Who they are: This role is focused on building SRE infrastructure that the entire organization can use. This covers a ton of different types of project, each with its own sub-specialization: internal tools for monitoring or resolving incidents, documentation and runbooks for procedures, processes for completing projects, or even cultural values to guide people’s decisions. You might want
What they do: Infrastructure architects are in constant communication with other teams to see what’s needed most. Educators can serve as a conduit for these relationships, compiling what they hear into a big picture report. Once the priorities are clear and aligned among teams, the architect works away at building. Of course, these infrastructure meta-projects are developed along the same workflow and processes as any other project. Therefore, the architect is a sort of SRE-developer and needs to work closely with development teams.

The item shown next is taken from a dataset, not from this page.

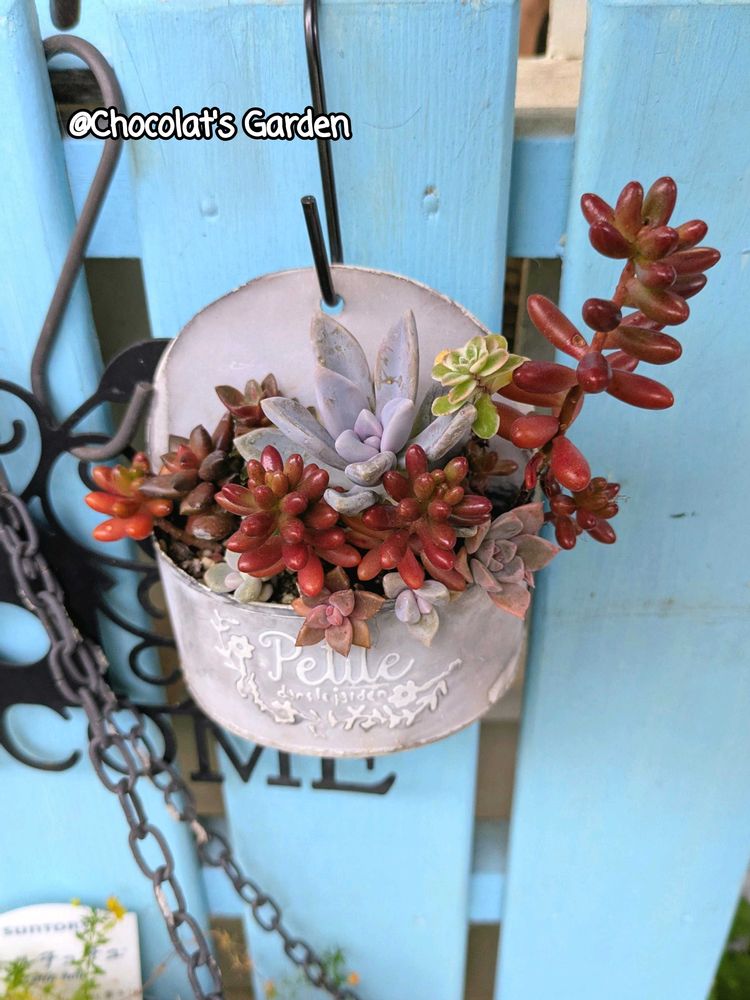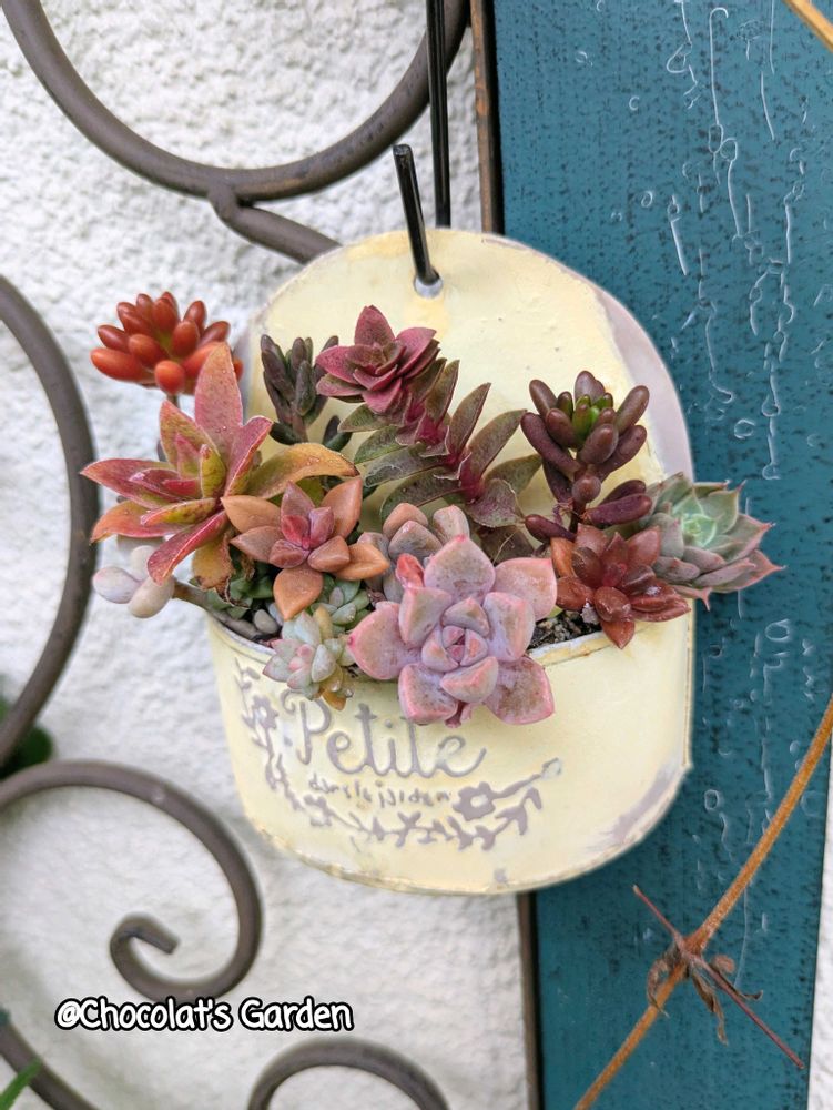 こちらはSeriaのブリキの器に寄せ植えしたもの

Skills they need: The skills needed depend greatly on the type of infrastructure being developed. In some cases, this is one of the most development-focused SRE roles, and so deep knowledge of the organization’s codebase is a must. If focused more on policy and procedure, the architect may not need coding skills, but will still need to understand how their processes will work on the level of development. Either way, this is primarily a technical role, focused on engineering solutions to specific needs. In our discussion, Jake emphasized the idea of SREs existing on a range of socialness - if educators are on the social end, architects can be on the other extreme.
Who they are: Having processes in place to respond effectively and thoroughly to incidents is a major part of SRE. The incident response leader takes responsibility for making your organization as incident-ready as possible.

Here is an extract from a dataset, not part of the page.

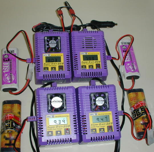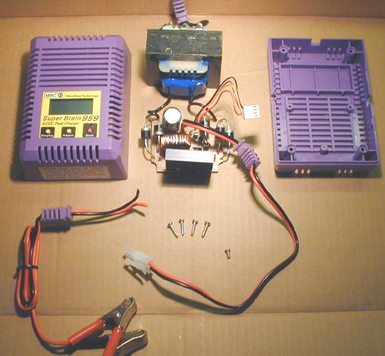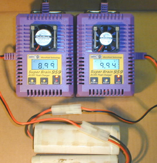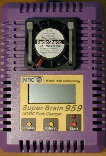Stop. Read this first... My involvement in RC hobbies has long past. I will no longer reply to any inquiries regarding battery chargers, batteries or battery charging. Super Brain Surgery I recently purchased a pair of Super Brain 959 chargers. For the most part, I've been impressed with the chargers' performance, features and price. But, like most people, I'm baffled by the design's lack of effective cooling. After several consecutive charges, the charger case becomes too hot to touch and the display screen begins to malfunction. Many people simply setup a portable fan to cool the chargers. I decided to install a permanent cooling fan. For each charger I used one Micro Fan (Radio Shack 273-240) and one 100 ohm, 1 watt resistor.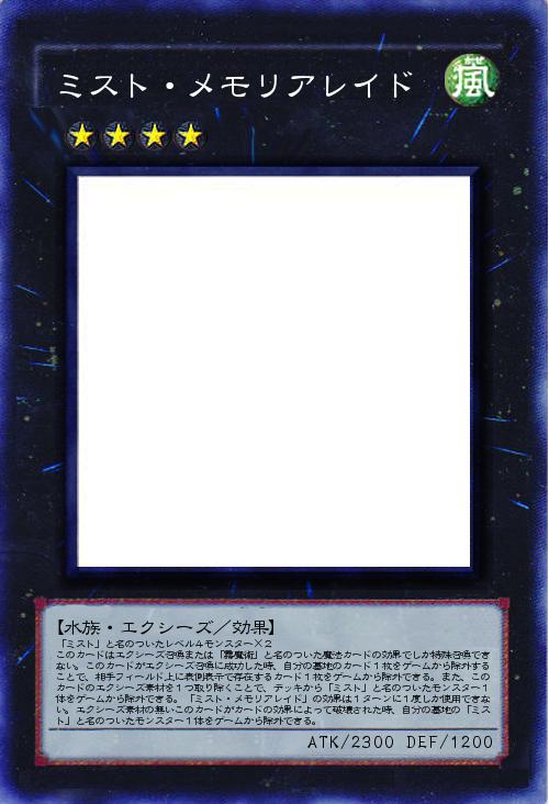 「ミスト」と名のついたレベル4モンスター×2 このカードはエクシーズ召喚または「霧魔術」と名のついた魔法カードの効果でしか特殊召喚できない。このカードがエクシーズ召喚に成功した時、自分の墓地のカード1枚をゲームから除外することで、相手フィールド上に表側表示で存在するカード1枚をゲームから除外できる。また、このカードのエクシーズ素材を1つ取り除くことで、デッキから「ミスト」と名のついたモンスター1体をゲームから除外できる。「ミスト・メモリアレイド」の効果は1ターンに1度しか使用できない。エクシーズ素材の無いこのカードがカードの効果によって破壊された時、自分の墓地の「ミスト」と名のついたモンスター1体をゲームから除外できる。 |

What they do: The incident response leader plays a role before, during, and after incidents. Before incidents, they lead in setting up runbooks, on-call schedules, and other tools to help respondents. Of course, all of this is done in collaboration with the teams that will be responding. During incidents, they serve as a procedure expert that ensures teams are working effectively. If there’s disagreement over roles and responsibilities, or when to escalate, the incident response leader can serve as a point of authority to keep things moving. After the incident, the incident response leader can drive the creation of a retrospective. This document gathers the lessons of the incident and serves as a hub for followup tasks. The leader makes sure this document is created, reviewed, and acted on.
Skills they need: Incident response leaders need both a lot of people skills - to understand how people will behave while panicking and empathizing with their abilities - and infrastructural skills - to know how the tools they build will interact with the system. They also need a strong ability to prioritize based on the bigger picture. Their world is one where everything is on fire, and they need to distinguish quickly between a big fire and a little fire. This means having a perspective that’s zoomed out to the entire organization while still able to see the little issues that each incident can bring.
Having a team of specialists can be a challenge, but it leads to opportunities. Of course, you may have SREs who can embody several of these specializations; they aren’t mutually exclusive. It’s just often a tradeoff, where one invests their time. People also have their personal interests, something we can appreciate and lean into. By allowing people to flourish in their skills without losing the robustness of shared knowledge, you’ll build the strongest possible team.